Quick link to the FAQ

Meeting the players

Estimating gene (or isoform) abundance from RNA-seq is a fairly active area of research and, like any active area, there are a slew of terms and ideas that are appear in the literature. However, one of the most basic questions is “how should one report estimates of transcript abundance?” Ideally, one would like an estimate that reflects the quantity we actually want to know (the underlying relative (more on this later) abundance of different transcripts), while remaining intuitive and comparable across experiments.

The literature contains a variety of different metrics that have been devised to serve this purpose. Below, I list some of the more popular measures:

RPKM — Reads Per Kilobase per Million mapped reads
FPKM — Fragments Per Kilobase per Million mapped reads
TPM — Transcripts Per Million
Read Count — Number of reads estimated to have originated from a transcript
CPM — Counts Per Million

In reality, RPKM and FPKM are very similar. FPKM just accounts for the fact that fragments, not reads, are what are being drawn from transcripts. Thus, below, I will not delineate between RPKM and FPKM — rather, I will just refer to *PKM.

Let’s start out with some basics. Our underling RNA-seq sample consists of a collection of many transcripts. There are M distinct types or species of transcript. We denote by $c_i$ the total number of transcripts of type i. Clearly, the total number of transcripts in our sample is given by $\sum_{i=1}^{M} c_i$ . Now, here’s a crucial point; our RNA-seq experiment will sample fragments from this population of transcripts. The fact that our assay is sampling from a population has a few important implications.
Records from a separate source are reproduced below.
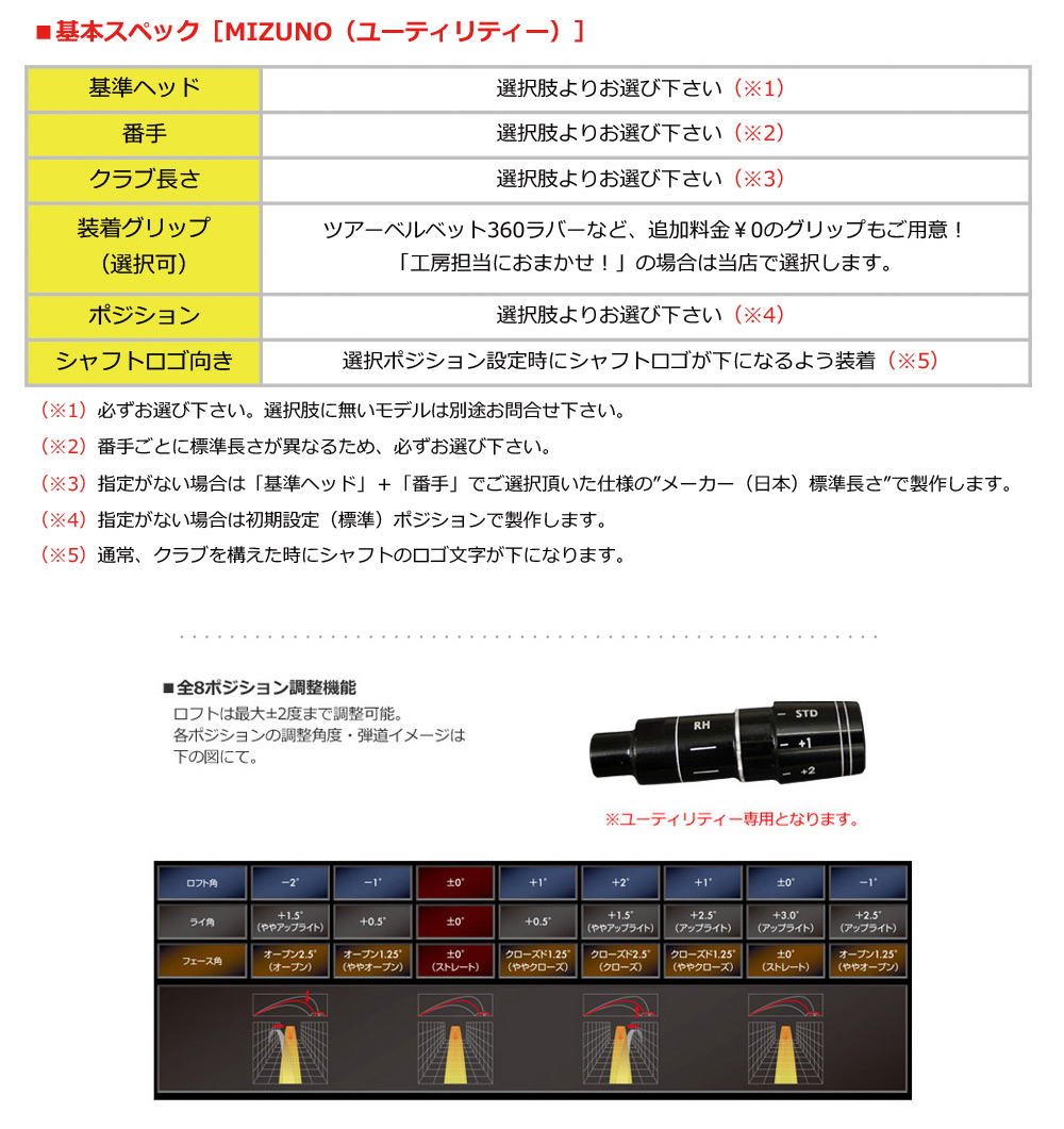 ユーティリティ ハイブリッド ミズノ シャフト カスタム スリーブ ゴルフ 可変 カチャカチャ ジーパーズオリジナル スリーブ付きシャフト 即日発送対象外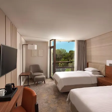 Beach facilities at the Marriott include lounge chairs. The presence of a golf course ensures guests an active stay at the property. The Marriott Lisbon also features conference facilities and a work desk for those arriving on business.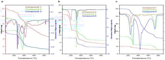 The thermograms of Schiff bases (1–9), obtained from the thermogravimetric analysis at 0 °C to 900 °C under a nitrogen atmosphere at a heating rate of 10 °C/min, are presented in Figure 2a–c. There were changes in thermal responses with substitution.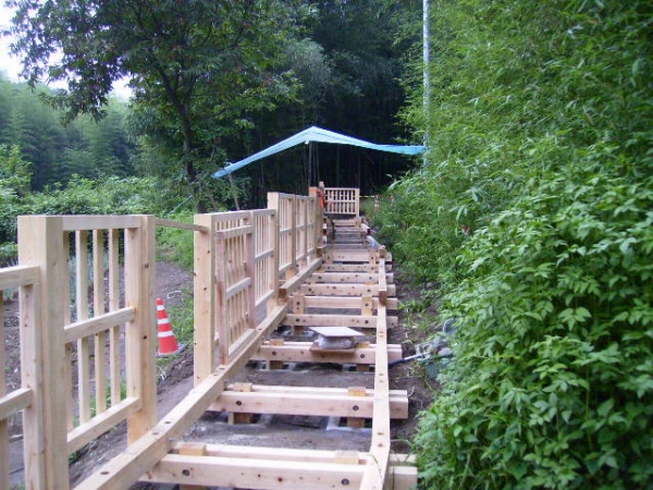 群馬県高崎市にある上野三碑。上野三碑は点在する三つの石碑(山上碑、多胡碑、金井沢碑)の総称で、飛鳥時代から奈良時代にかけて建てられ、国の特別史跡に指定されています。その上野三碑を広く知ってもらうための整備が行われ、当社では金井沢碑への散策路に木道を整備しました。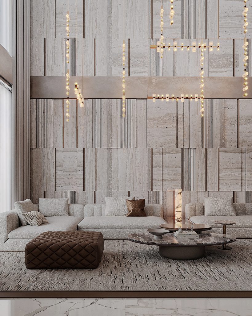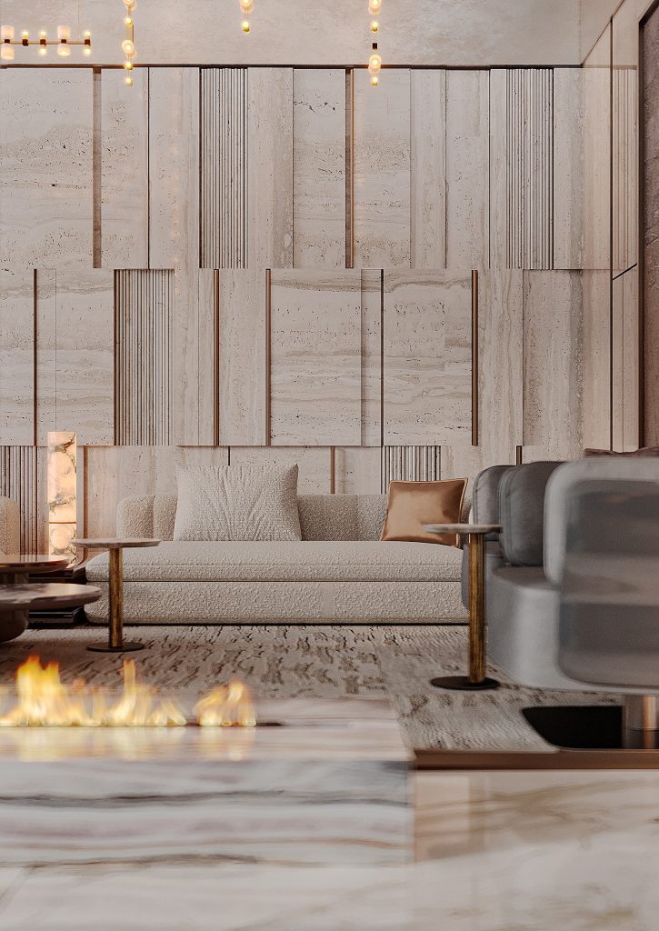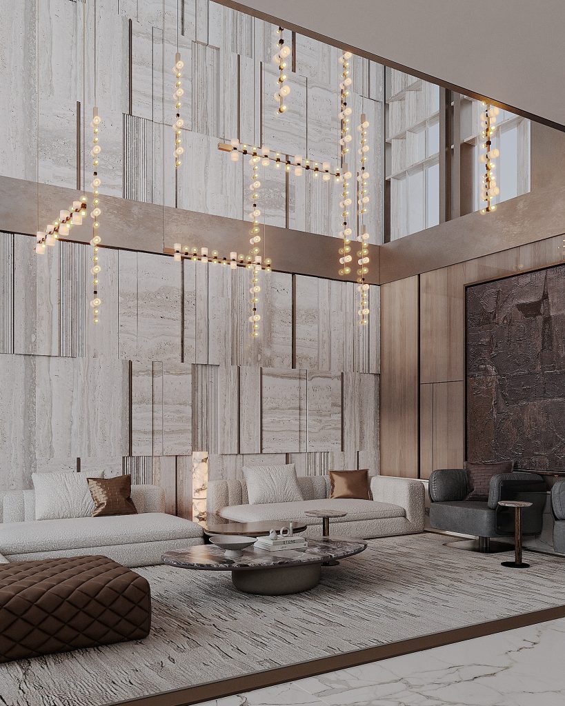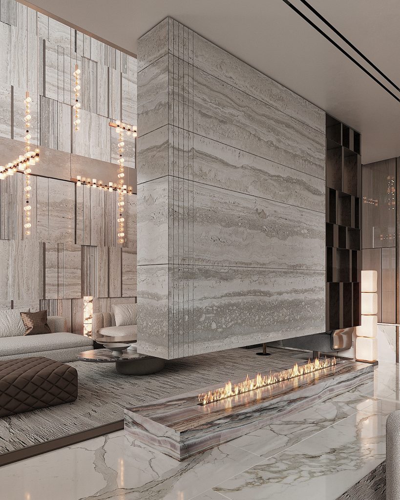 Whispers of Stone & Light is a story written in textures, tones, and subtle contrasts. Here, marble veins flow like brushstrokes, guiding the eye across sculptural walls and a fireplace that glows like liquid gold. Light falls in rhythmic patterns from floating constellations above, turning the living space into a gallery of movement and warmth.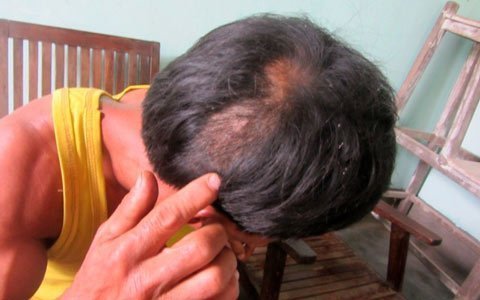 | Ông Cậy bị cẩu tặc chém vào đầu, vào tay vừa trở về từ bệnh viện. |

First, in the absence of sampling biases, we expect to sample fragments from this population such that the number of fragments that we draw from each type of transcript i is proportional to the total number of sequenceable fragments that all transcripts of type i might produce. This implies that we will see many fragments from the most abundant types of transcripts, and many fewer fragments from less abundant transcripts (that’s good — otherwise it would be difficult to estimate abundance with this data). However, it also implies that (1) very rare transcript types may not generate any samples at all, dependent upon how deeply we sample and (2) the rate at which we expect to sample fragments from transcripts of a given type depends crucially on the length of these transcripts. For example, a single 200,000 nucleotide transcript is much more likely to generate fragments than a single 2,000 nucleotide transcript, even though there might be only a single copy of each in our underlying population. The length effect is inherent in the standard RNA-seq protocol, since we expect to sample fragments randomly across the entire length of underlying transcripts.
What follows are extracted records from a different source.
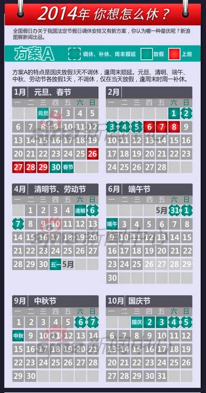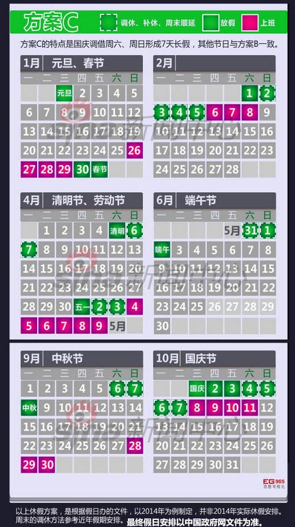 “3个方案中只能选择C了,相对还合理点。”无论是哪种调休方案,休假总数都还是11天。在总数没有变化的情况下,多数网友还是倾向于集中放假的方案三。“方案一没了五一小长假,方案二没了国庆黄金周,显然这两假不能没有,那么只能选方案三。”不过也有市民表示,按照方案三的放假安排,2014年的节假日将和今年没什么太大变化,这样一来这种放假调整还是没有解决大家对现行节假日调休方式不满的问题。
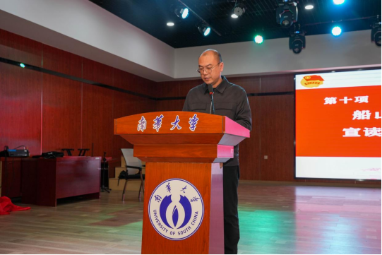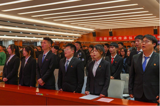 学院党委副书记殷志老师宣布船山学院新一届团委学生会成员名单,学院领导老师为新一届学生干部代表发放聘书。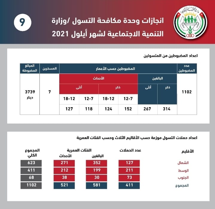 وضبطت مديرية مكافحة التسول1102 متسول ، وأجرت 1102 حملة، وضبط 7 مسخرين، فيما بلغ مجموع المبالغ المضبوطة 3739 دينارًا، وأجرت الوزارة 708 دراسات متعلقة بحالات الأحداث، إذ دخل إليها 390 حدثًا خلال شهر أيلول الماضي، كما أجرت 1363 دراسة لطلب الحصول على إعفاء من رسوم تصريح العمل.
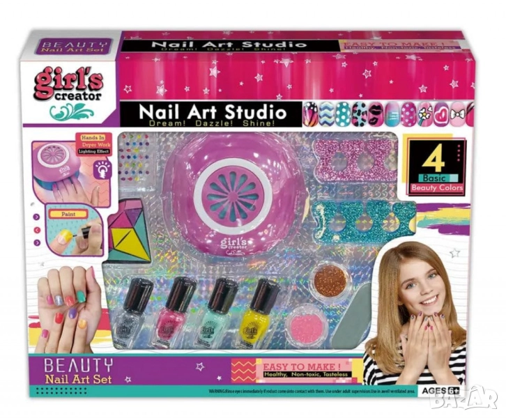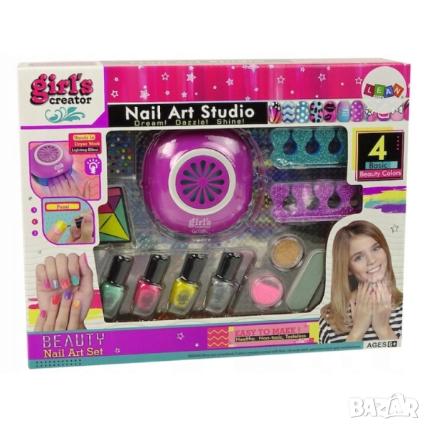 Комплектът включва: сушилня за нокти, 4 цвята лак за нокти: зелен, розов, жълт, сребрист, лепенки за пръсти, пила за нокти, стикери за нокти;

Second, the process itself produces relative abundance information. Given the fragments we generate during our experiment, we can say what the relative proportion of the different transcript types are, but we cannot immediately determine e.g., the actual number, $c_i$ , of transcripts of type i in the population. Moreover, we are not guaranteed to see fragments from everything that exists in our population — low abundance transcripts may go completely unsampled.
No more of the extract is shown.